▸ **Your task**:
Begin the copy at the line containing "Vodovodní baterie dřezová" in the data below and end it at the line containing "体育館ではバドミントン部が練", keeping each line exact and leaving out pictures.

▸ **Source data**:
━━━

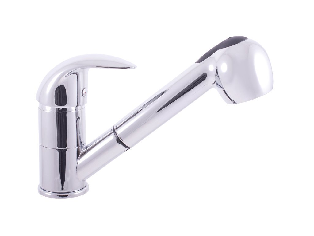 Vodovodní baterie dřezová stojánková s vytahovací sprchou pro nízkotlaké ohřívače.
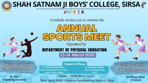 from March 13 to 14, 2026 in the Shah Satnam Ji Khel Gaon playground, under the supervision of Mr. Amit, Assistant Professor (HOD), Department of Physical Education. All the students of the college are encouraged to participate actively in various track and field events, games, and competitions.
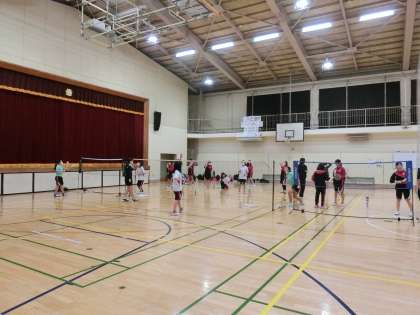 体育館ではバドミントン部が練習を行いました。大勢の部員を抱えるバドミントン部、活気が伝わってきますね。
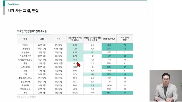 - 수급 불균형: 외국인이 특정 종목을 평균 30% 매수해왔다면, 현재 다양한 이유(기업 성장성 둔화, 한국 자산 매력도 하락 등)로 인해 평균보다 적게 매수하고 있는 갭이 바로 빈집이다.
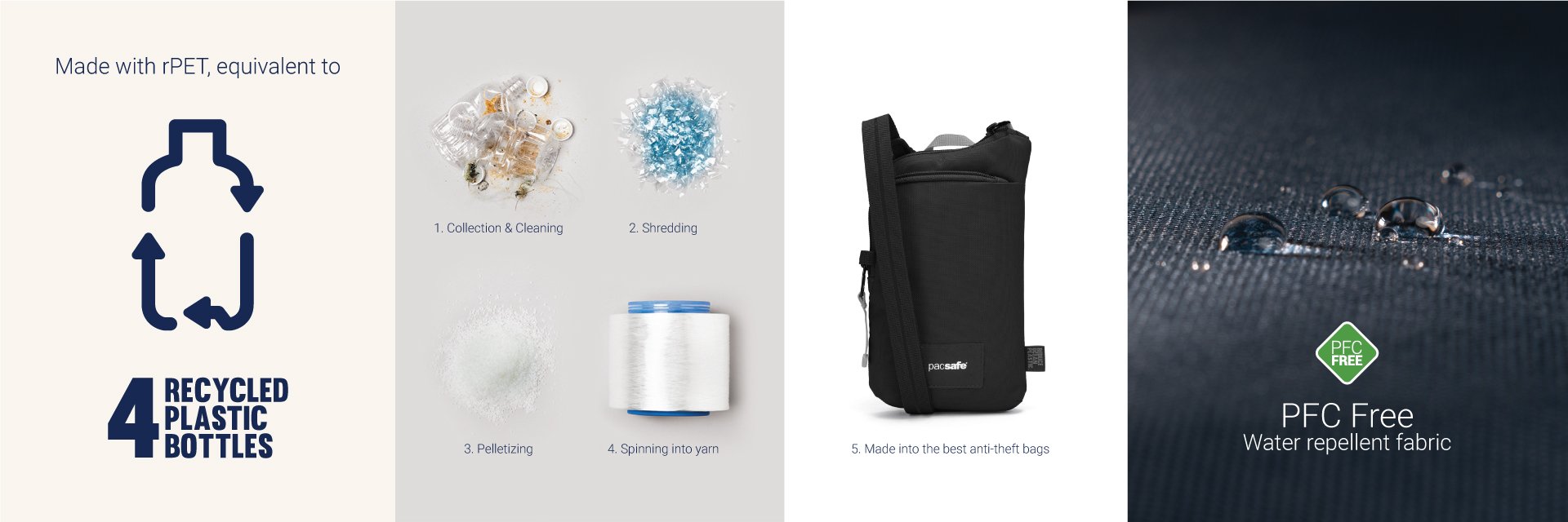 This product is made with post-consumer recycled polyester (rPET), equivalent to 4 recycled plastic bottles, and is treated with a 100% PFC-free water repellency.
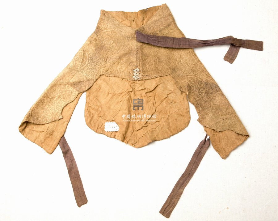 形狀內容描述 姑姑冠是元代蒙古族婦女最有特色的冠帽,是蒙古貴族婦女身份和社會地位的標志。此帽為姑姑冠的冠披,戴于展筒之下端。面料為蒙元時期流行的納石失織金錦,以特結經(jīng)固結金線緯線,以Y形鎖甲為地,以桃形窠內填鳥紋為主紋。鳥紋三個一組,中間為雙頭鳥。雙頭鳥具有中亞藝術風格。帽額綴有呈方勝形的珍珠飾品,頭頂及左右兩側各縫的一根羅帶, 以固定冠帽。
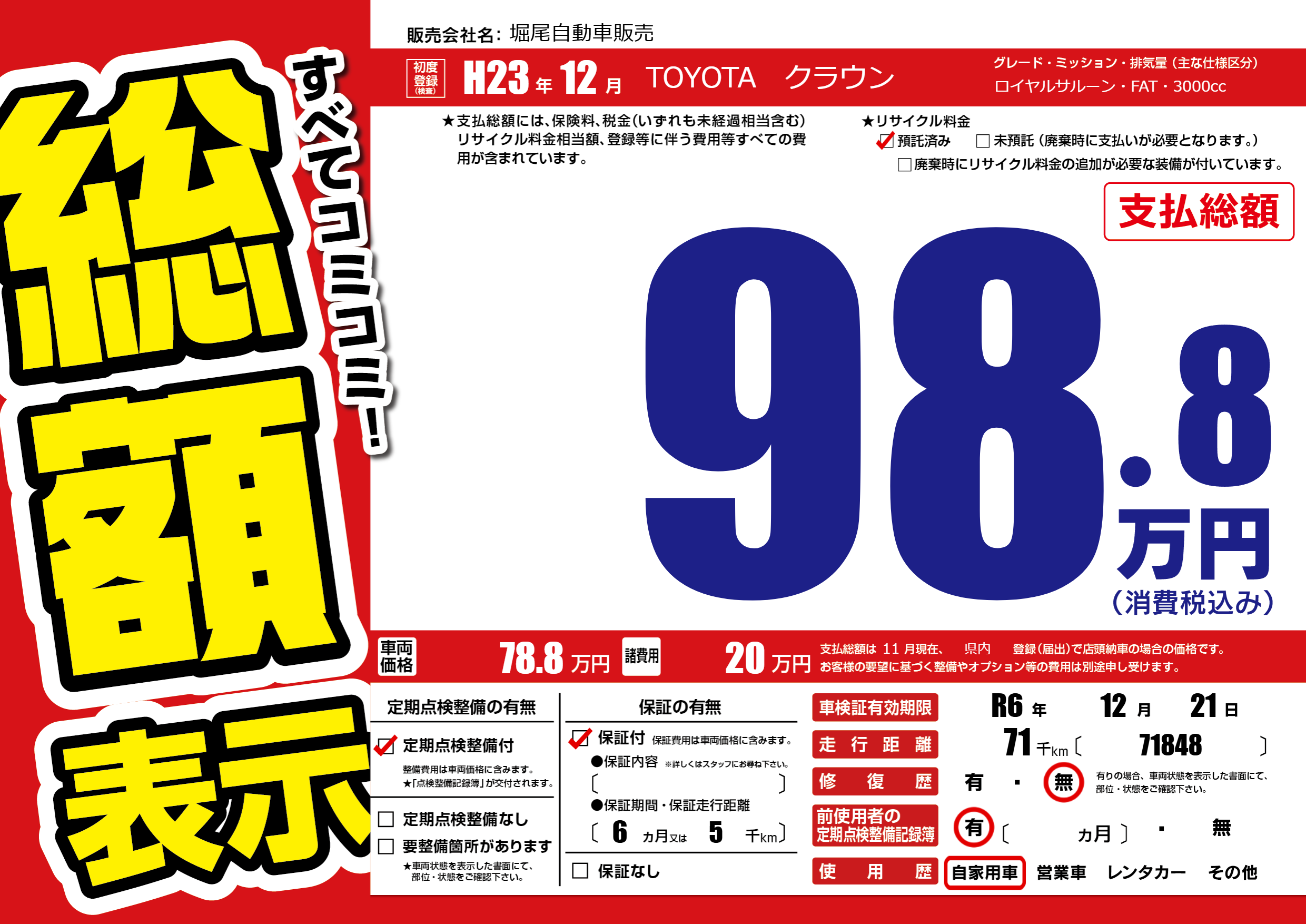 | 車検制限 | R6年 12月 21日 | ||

━━━

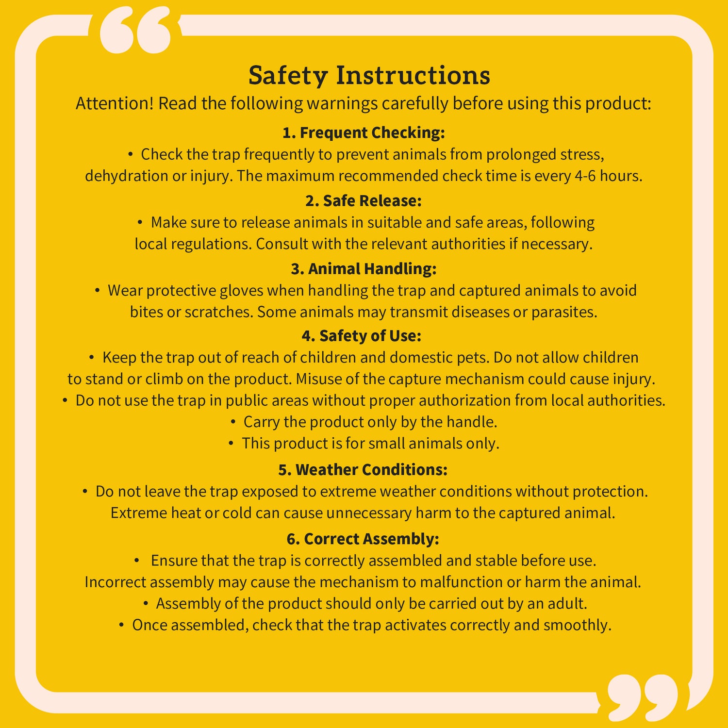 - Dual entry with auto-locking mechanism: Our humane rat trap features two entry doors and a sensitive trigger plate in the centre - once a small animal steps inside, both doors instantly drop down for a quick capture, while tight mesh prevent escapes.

━━━

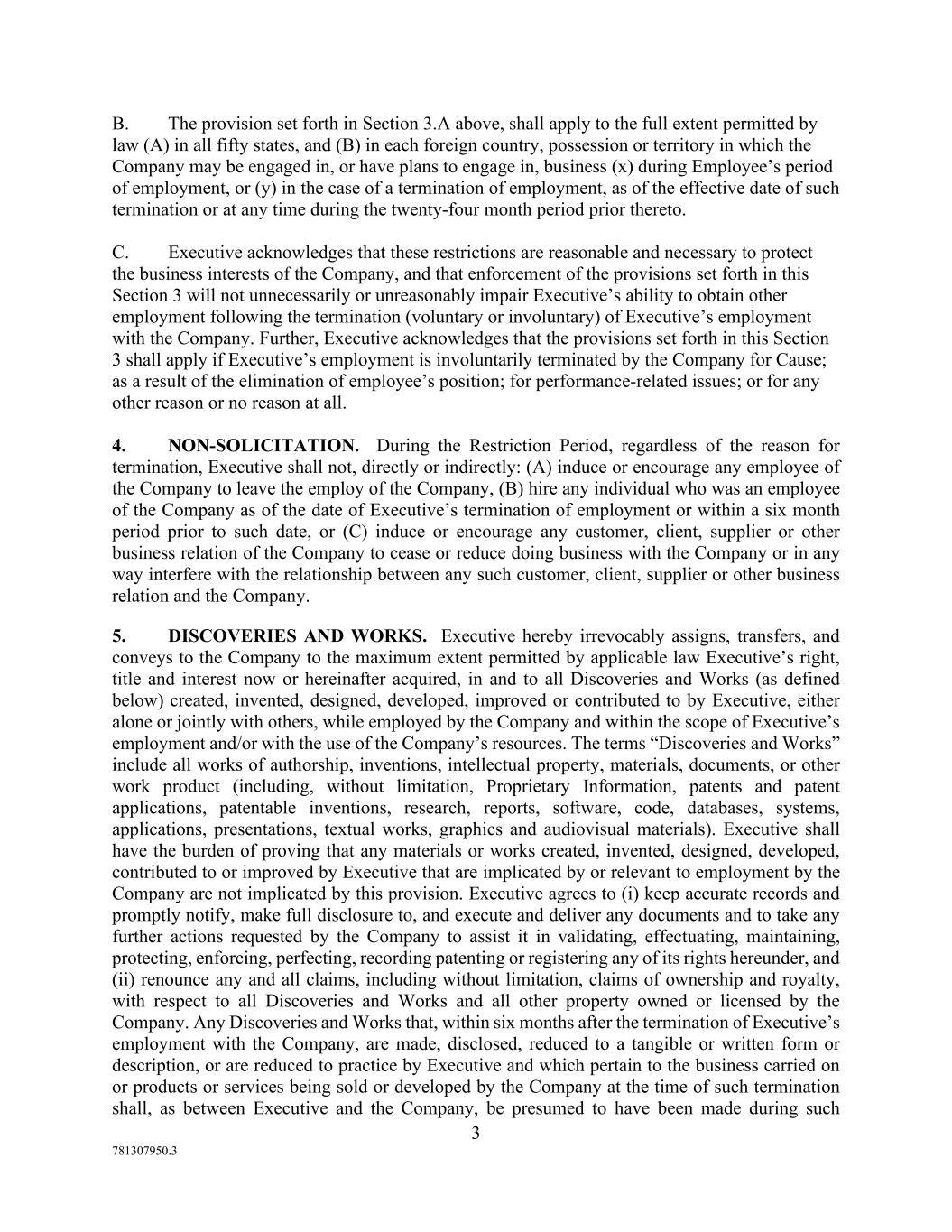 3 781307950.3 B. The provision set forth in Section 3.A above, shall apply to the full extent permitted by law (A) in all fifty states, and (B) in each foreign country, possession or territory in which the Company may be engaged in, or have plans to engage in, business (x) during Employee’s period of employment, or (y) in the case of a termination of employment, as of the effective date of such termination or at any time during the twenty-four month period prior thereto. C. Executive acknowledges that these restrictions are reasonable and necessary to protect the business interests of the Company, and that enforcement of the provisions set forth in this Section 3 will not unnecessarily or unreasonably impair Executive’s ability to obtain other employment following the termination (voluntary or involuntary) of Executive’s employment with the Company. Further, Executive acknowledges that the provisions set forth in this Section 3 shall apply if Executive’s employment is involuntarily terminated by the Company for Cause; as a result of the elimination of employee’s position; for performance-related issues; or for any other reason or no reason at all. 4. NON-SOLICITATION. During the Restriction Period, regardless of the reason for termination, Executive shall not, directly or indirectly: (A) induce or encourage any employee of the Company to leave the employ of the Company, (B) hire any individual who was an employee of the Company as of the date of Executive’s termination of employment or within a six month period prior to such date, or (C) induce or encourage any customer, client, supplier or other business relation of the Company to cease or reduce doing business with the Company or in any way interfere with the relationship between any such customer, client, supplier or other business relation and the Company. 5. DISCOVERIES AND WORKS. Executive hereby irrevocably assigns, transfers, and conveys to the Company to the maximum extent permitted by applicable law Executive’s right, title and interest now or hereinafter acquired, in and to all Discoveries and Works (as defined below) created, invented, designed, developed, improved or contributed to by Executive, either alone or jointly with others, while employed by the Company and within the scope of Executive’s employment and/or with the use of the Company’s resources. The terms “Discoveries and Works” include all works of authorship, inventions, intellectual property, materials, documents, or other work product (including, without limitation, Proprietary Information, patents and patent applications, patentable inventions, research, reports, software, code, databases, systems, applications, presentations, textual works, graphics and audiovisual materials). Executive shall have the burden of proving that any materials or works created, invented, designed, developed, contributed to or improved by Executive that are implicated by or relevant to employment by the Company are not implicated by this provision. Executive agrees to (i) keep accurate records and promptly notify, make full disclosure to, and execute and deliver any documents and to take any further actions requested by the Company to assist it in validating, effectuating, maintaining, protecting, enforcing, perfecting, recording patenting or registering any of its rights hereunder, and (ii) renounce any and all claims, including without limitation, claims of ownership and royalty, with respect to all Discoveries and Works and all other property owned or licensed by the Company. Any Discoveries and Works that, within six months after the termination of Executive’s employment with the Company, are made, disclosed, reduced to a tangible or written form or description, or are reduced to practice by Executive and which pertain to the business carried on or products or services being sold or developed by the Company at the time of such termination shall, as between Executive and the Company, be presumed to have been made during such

━━━

▸ **Exercise response**:
 Vodovodní baterie dřezová stojánková s vytahovací sprchou pro nízkotlaké ohřívače.
 from March 13 to 14, 2026 in the Shah Satnam Ji Khel Gaon playground, under the supervision of Mr. Amit, Assistant Professor (HOD), Department of Physical Education. All the students of the college are encouraged to participate actively in various track and field events, games, and competitions.
 体育館ではバドミントン部が練習を行いました。大勢の部員を抱えるバドミントン部、活気が伝わってきますね。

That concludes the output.